- Born: November 23, 1894 Swainsboro, Georgia
- Died: May 18, 1963 (aged 68)
- Allegiance: United States
- Branch: United States Army
- Service years: 1917–1949
- Rank: Brigadier General
- Unit: Georgia National Guard, Netherland East Indies, Southwest Pacific Area
- Commands: Central Signal Corps
- Conflicts: World War I, World War II
- Awards: Legion of Merit
- Spouse: Sena Botswick
- Children: 1

= Calvert Hinton Arnold =

United States Army general

Calvert Hinton Arnold (November 23, 1894 – May 18, 1963) was a Brigadier General in the United States Army during World War II. He was Chief Signal Officer in the Netherlands East Indies and Southwest Pacific. He was Commandant of the Central Signal Corps.

== Early life ==
Arnold was born on November 23, 1894, in Swainsboro, Georgia. He obtained a Bachelor of Science degree from Mercer University in 1915.

== Military career ==
During World War I, Arnold enlisted in the Georgia National Guard. In August 1917, he was commissioned in the infantry. From 1922 to 1927, he returned to Mercer University, obtained a Bachelor of Art degree and graduated from the Army Industrial College. Prior to World War II, Arnold graduated from the General Staff School and Army Staff College.

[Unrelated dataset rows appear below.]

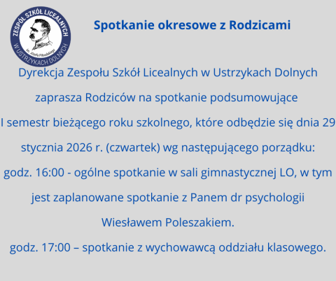 Dnia 29.09.2025 r. odbyło się walne zebranie Rady Rodziców Liceum Ogólnokształcącego im. Józefa Piłsudskiego w Ustrzykach Dolnych. Rada Rodziców i dyrekcja szkoły podziękowały Panu Michałowi Wnukowi – przewodniczącemu i Pani Anecie Wojtanowskiej – sekretarzowi za czteroletnią pracę w prezydium RR. … Read More
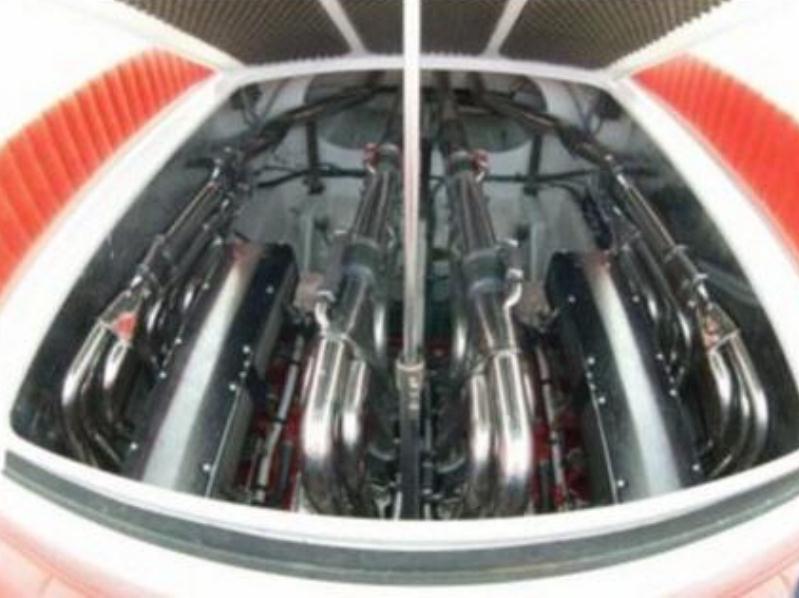 die verbauten Maserati V 8-90° mit je 6.458 cm³ - 4 Weber 48 IDM/Doppelzündung – haben je eine Nennelsitung von 580 PS @ 6.000 1/min.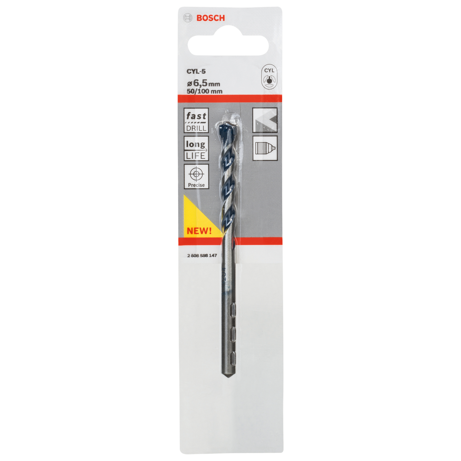Extra lång livslängd - CYL-5-borret ger extra lång livslängd vid borrning i betong och sten. Kombinationen av en karbidblandning som utvecklats av Bosch och diamantslipade skäreggar gör borret otroligt slitstarkt. Friktion på spiralen från materialet som borras minskas markant tack vare en tvåspårig vario-design med en kort, variabel lutning för effektiv dammborttagning och mindre slitage. Power Grip-skaftet från Bosch möjliggör 100 % kraftöverföring från maskinen till borret. På så sätt används kraften direkt för att borra, utan att någon kraft går förlorad, vilket minskar slitaget. Används vid borrning för beslag i betong, natursten och artificiell sten. Det kan användas med cylindriska skaft för alla slagborrmaskiner med och utan kabel. Som kvalitetsbevis har borret en kvalitetstestmärkning från PGM Masonry Drill Bit Association Board, vilket garanterar efterlevnad av tuffa toleranser, exakt borrade hål och stabil fästning av beslag. Cylindriskt skaft som passar till trebackschuck.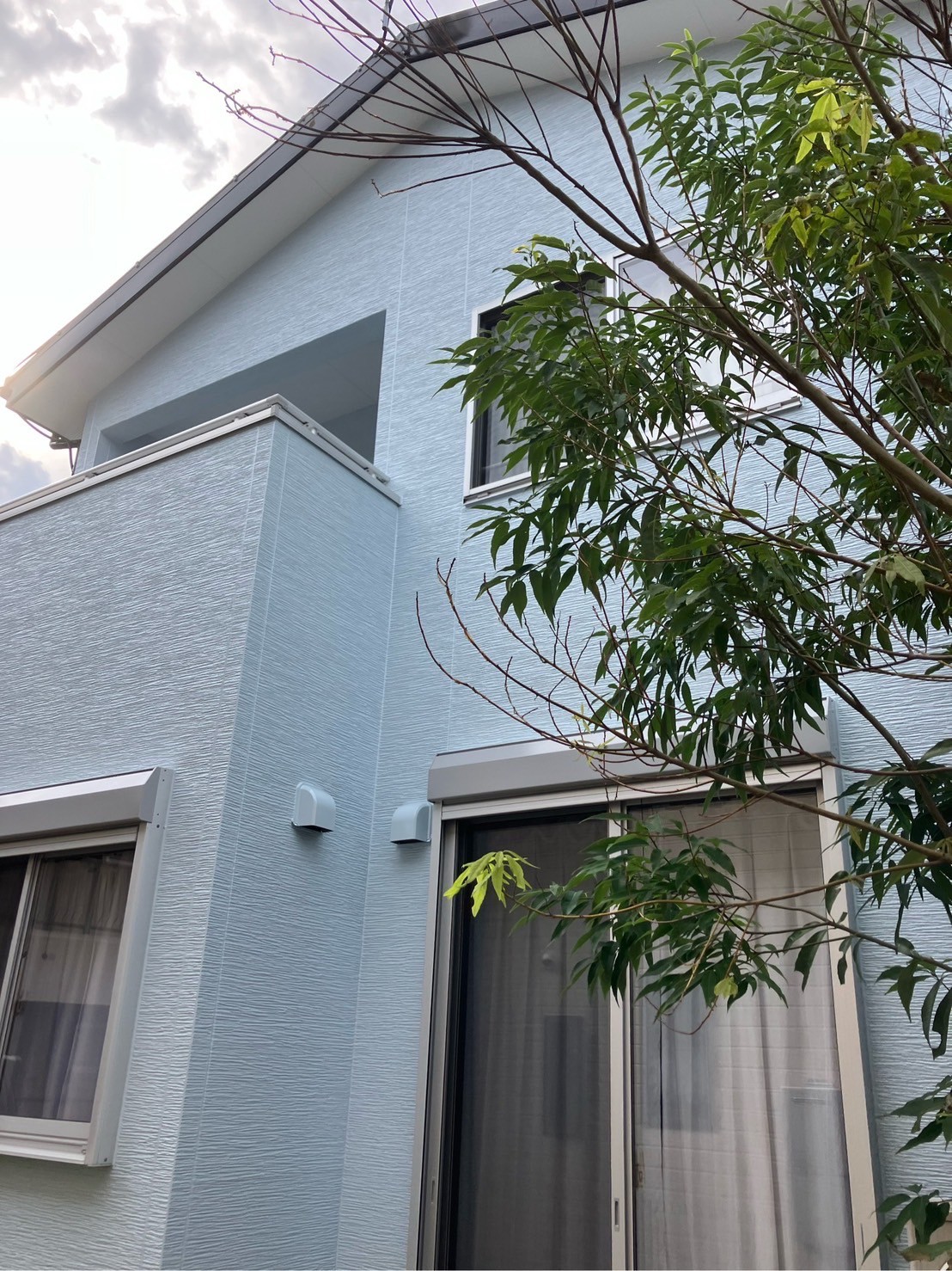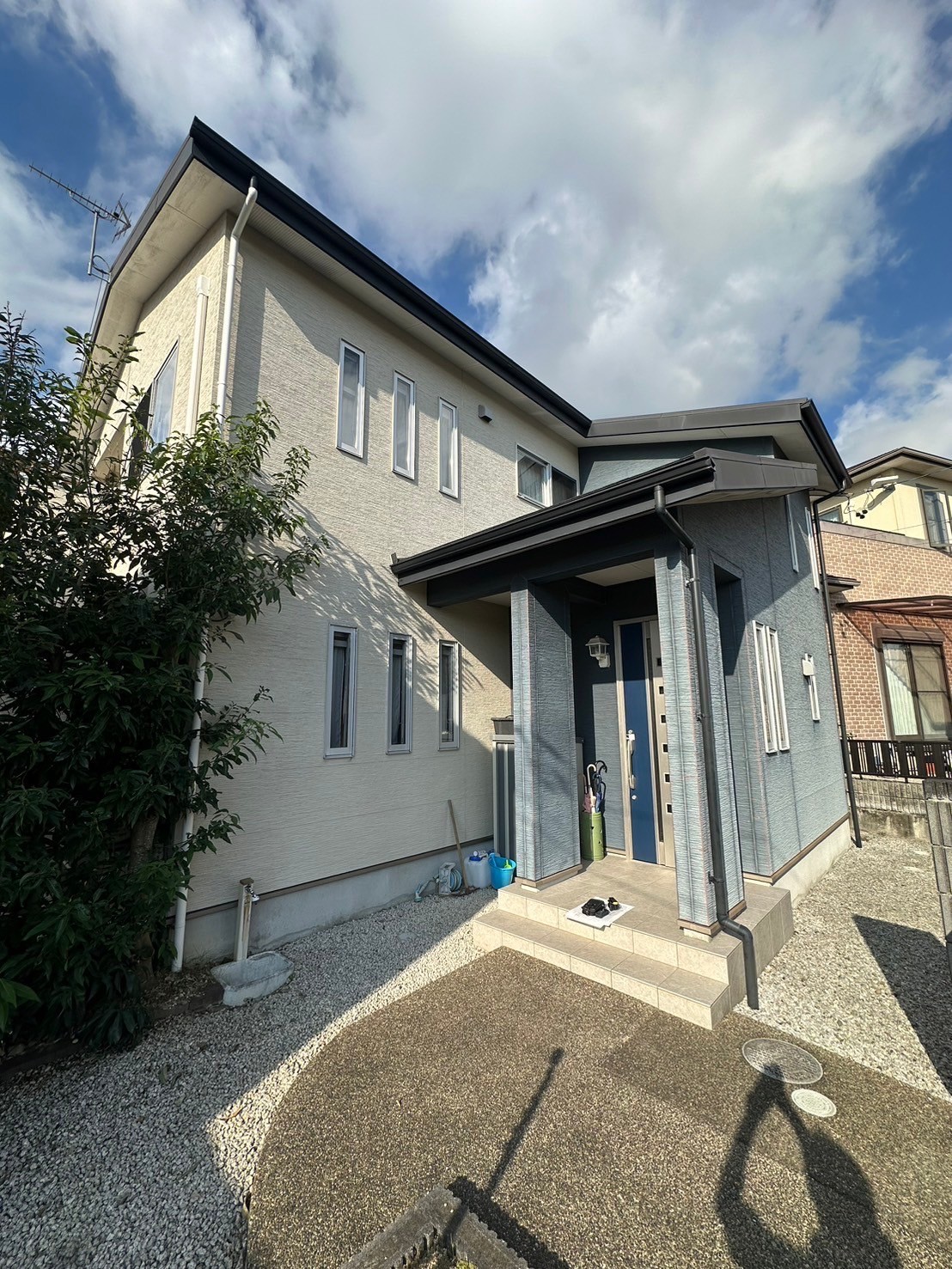 玄関周りの濃い青が大分、色褪せしており、

During World War II, Arnold was stationed in the Pacific Theater. He was chief signal officer in the Netherlands East Indies and the Southwest Pacific from January 1942 to May 1943. During the middle of the war, he was commandant of the Central Signal Corps from 1943 to 1945. Arnold was promoted to brigadier general in January 1945. As brigadier general, he served in the office of the chief signal officer from 1945 to 1949. For his role, Arnold was awarded the Legion of Merit.

== Later life ==
Arnold retired from service in October 1949.

== Personal life ==
Arnold married Sena Bostwick. Together, they had a child named Sena.

== Death and legacy ==
He died on May 18, 1963. Hinton is buried in Oak Grove Cemetery in Arlington, Georgia.